What Are You Packing?
I made a crucial mistake when planning to travel abroad for a year.
See, I’m no fashionista, but I love high-waisted neon pants and Jeffrey Campbell rompers. 40% of my wardrobe could be found in a costume shop because color makes me happy and MORE color makes me do jazz hands. Luckily, where I come from (San Francisco,) Rainbow Brite is basically the fashion mascot.
So I was at a loss when I started packing for a year on the road. I scoured travel blogs looking for advice – and they all said to:
- bring dark colors to hide the dirt,
- avoid patterns so you can maximize the mix and match possibilities,
- don’t bring anything short or revealing so that you don’t attract attention, and
- above all else – function over fashion.
Basically, leave myself at home and borrow from my mom’s closet, right?
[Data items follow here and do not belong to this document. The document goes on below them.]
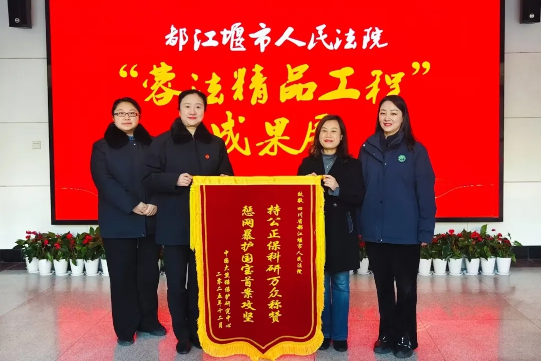 近日,中国大熊猫保护研究中心一行专程前往都江堰市人民法院,赠送“持公正保科研万众称赞 惩网暴护国宝首案攻坚”锦旗,致谢法院妥善审理全国首例“大熊猫被虐待”网络谣言案。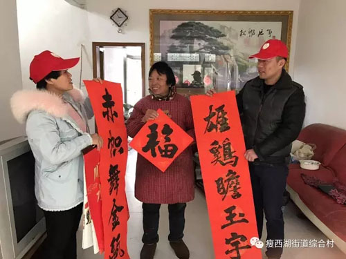 综合村村委会协同志愿者为村内伤残军人、老党员、弱势群体及孤寡老人送上节日的祝福,原汁原味的对联不仅承载了人们美好的希望和祝福,更代表了源远流长的传统节日,让下一代体会和延续优良的传统文化,在祝福村民新春快乐的同时营造出一个和谐、团结的良好氛围。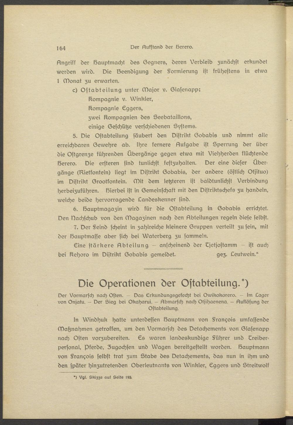 5. Die Ostabteilung säubert den Distrikt Gobabis und nimmt alle erreichbaren Gewehrs ab. Ihre fernere Aufgabe ist Sperrung der über die Ostgrsnze führenden Übergänge gegen etwa mit Viehherden flüchtende Herero. Die ersteren sind tunlichst festzuhalten. Der eine dieser Übergänge (Aiettontsin) liegt im Distrikt Gobabis, der andere (östlich Otjituo) im Distrikt Grootfontsin. Mit dem letzteren ist baldtunlichst Verbindung herbeizuführen. Hierbei ist in Gemeinschaft mit den vistriktscheks zu handeln, welche beide hervorragende Landesksnner sind.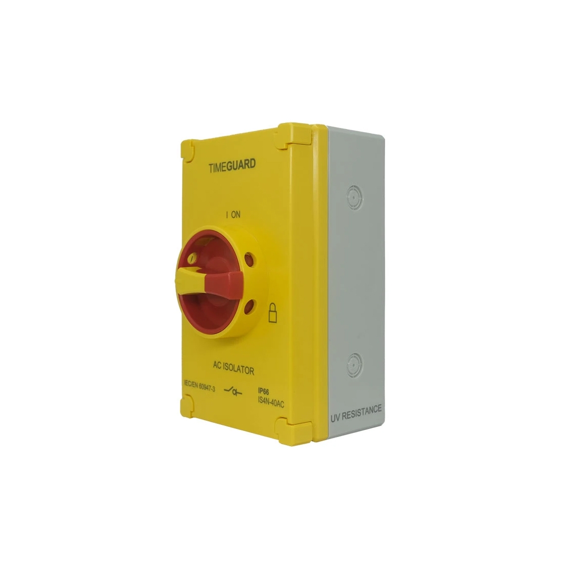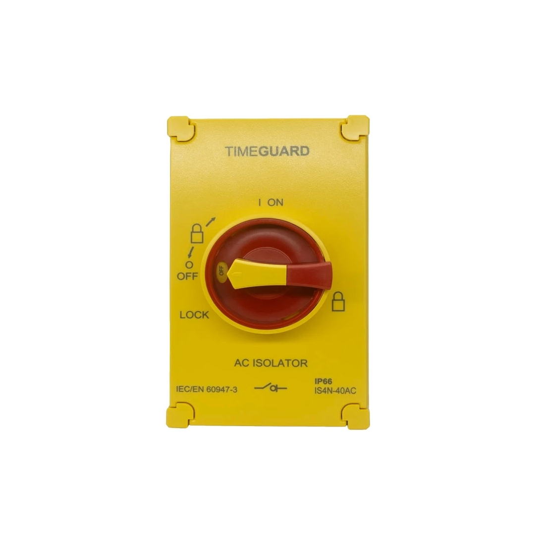 The Timeguard IS4N-40AC is a weatherproof IP66 4-pole 40 A AC rotary isolator switch designed to provide safe, dependable isolation and disconnection of AC mains circuits in industrial, commercial and outdoor electrical systems.

So I took the internet’s advice (first mistake) and gave away my furry vests and platform shoes. I put on a brave face to hide my growing panic because I was going to be a new me – sensible world traveler.
How has it worked out, you might be wondering? Well, there are only so many days that I want to wear t-shirts and jeans, and every day is not one of them. I understand that, in principle, clothes shouldn’t matter, but I do wish that I had packed for me and not the strangers I’ve never met. It drives me mad to look like a Lands’ End catalog.
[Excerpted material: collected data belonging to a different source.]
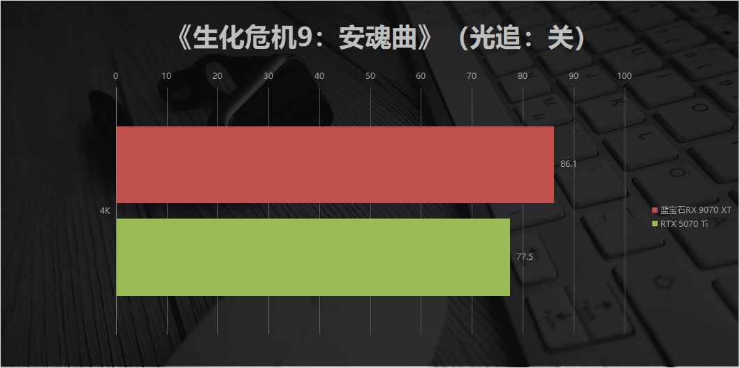 即便将分辨率拉升至4K + 超高画质,蓝宝石RX 9070 XT依旧展现出强悍的性能实力,平均帧率达到86.1fps,轻松突破4K游戏流畅运行的帧率门槛,在大场景的光影渲染、复杂的物理特效运算中依旧保持帧率稳定,无明显掉帧卡顿,让玩家能在4K超高清分辨率下体验《生化危机 9:安魂曲》的极致画面细节。而RTX 5070 Ti在相同设置下的平均帧率仅为77.5fps,落后11.1%,在4K高画质的高负载场景下,性能差距进一步扩大。蓝宝石RX 9070 XT凭借16GB大显存的充足缓冲、RDNA 4架构对高分辨率数据的高效处理能力,在4K光栅性能上再次实现对竞品的压制,也让这款显卡成为5000元档为数不多能原生畅玩4K 3A大作的优质选择。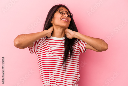 Young latin woman isolated on pink background suffering neck pain due to sedentary lifestyle.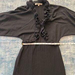 Long sleeve sweater dress with banded dolman sleeves. Ruffles go around the neckline and loop around the back creating a jacket like effect.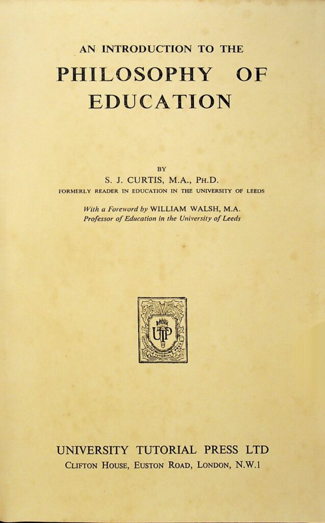S. J. 柯蒂斯博士(Dr. S. J. Curtis)的《教育哲学导论》(AN INTRODUCTION TO THE PHILOSOPHY OF EDUCATION)一书,是一部旨在向缺乏哲学训练的教育学学生清晰、透彻地介绍教育哲学思想的入门著作。本书由利兹大学教育学教授威廉·沃尔什(William Walsh)作序,他赞扬柯蒂斯博士的工作以严谨的学术性和对学生困惑的深刻理解为标志。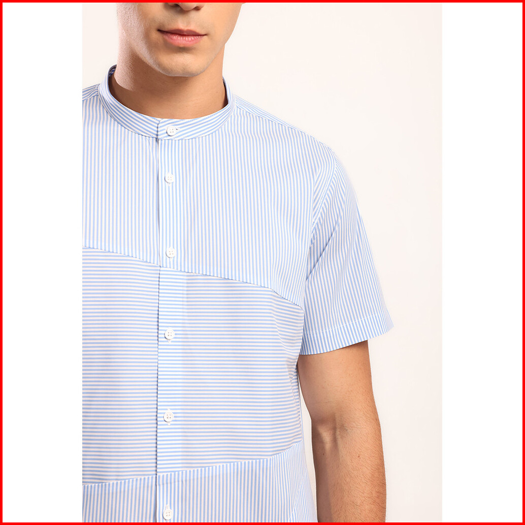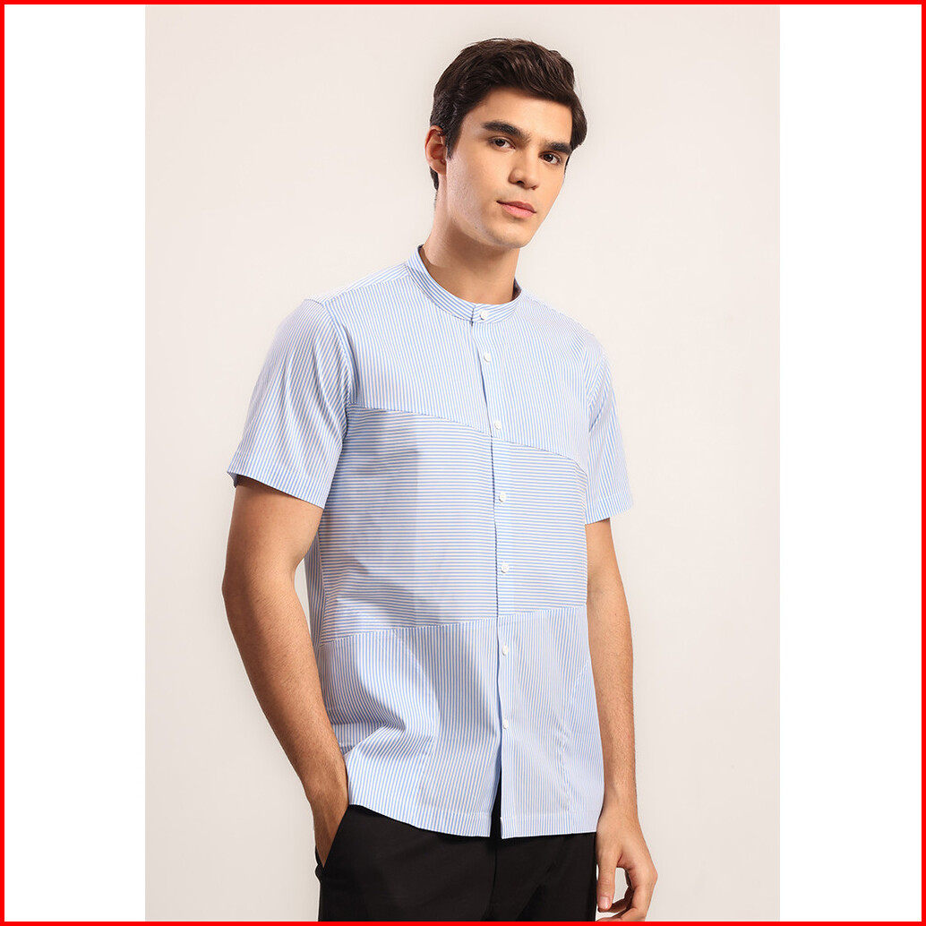 Moc - Kemeja Shanghai Lengan Pendek Pria Malik - Light Blue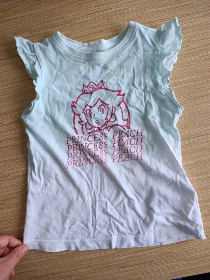 Kolsuz, oturan kesim kız çocuk tişörtü, yumuşak kumaş üzerine baskılı Princess Peach figürü ile trendy casual tarz için uygun.
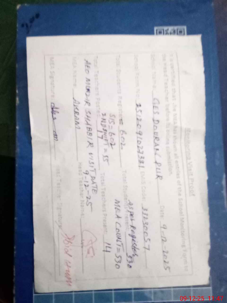 | Attendance Register | Head Teacher | MEA with School | Visit Proof |
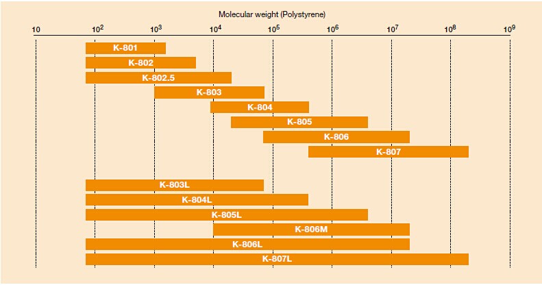 GPC K-804L是標準的油溶性SEC色譜柱,適用于從低分子量到高分子量的寬范圍的樣品。GPC KF-804L色譜柱是適合分子量分布廣的樣品的混合填料色譜柱。流動相是氯仿。

And now that we have been to five countries and more than 20 cities, I can’t believe I was worried at all. Styles vary so much from place to place that I’ve realized it doesn’t matter what I wear as long as I am comfortable and respectful of local customs. Now I always have my eye on other stylish travelers I meet – when I can, I’ll do a trade with them or score something free that they don’t want to carry any longer. One piece at a time, I’m rebuilding my wacky wardrobe.
So my advice to you is – don’t wear a prom dress to climb Everest, but do pack a couple of your favorite pieces. What we wear is a reflection of who we are. I choose to be me – always at home in a romper, no matter where I am.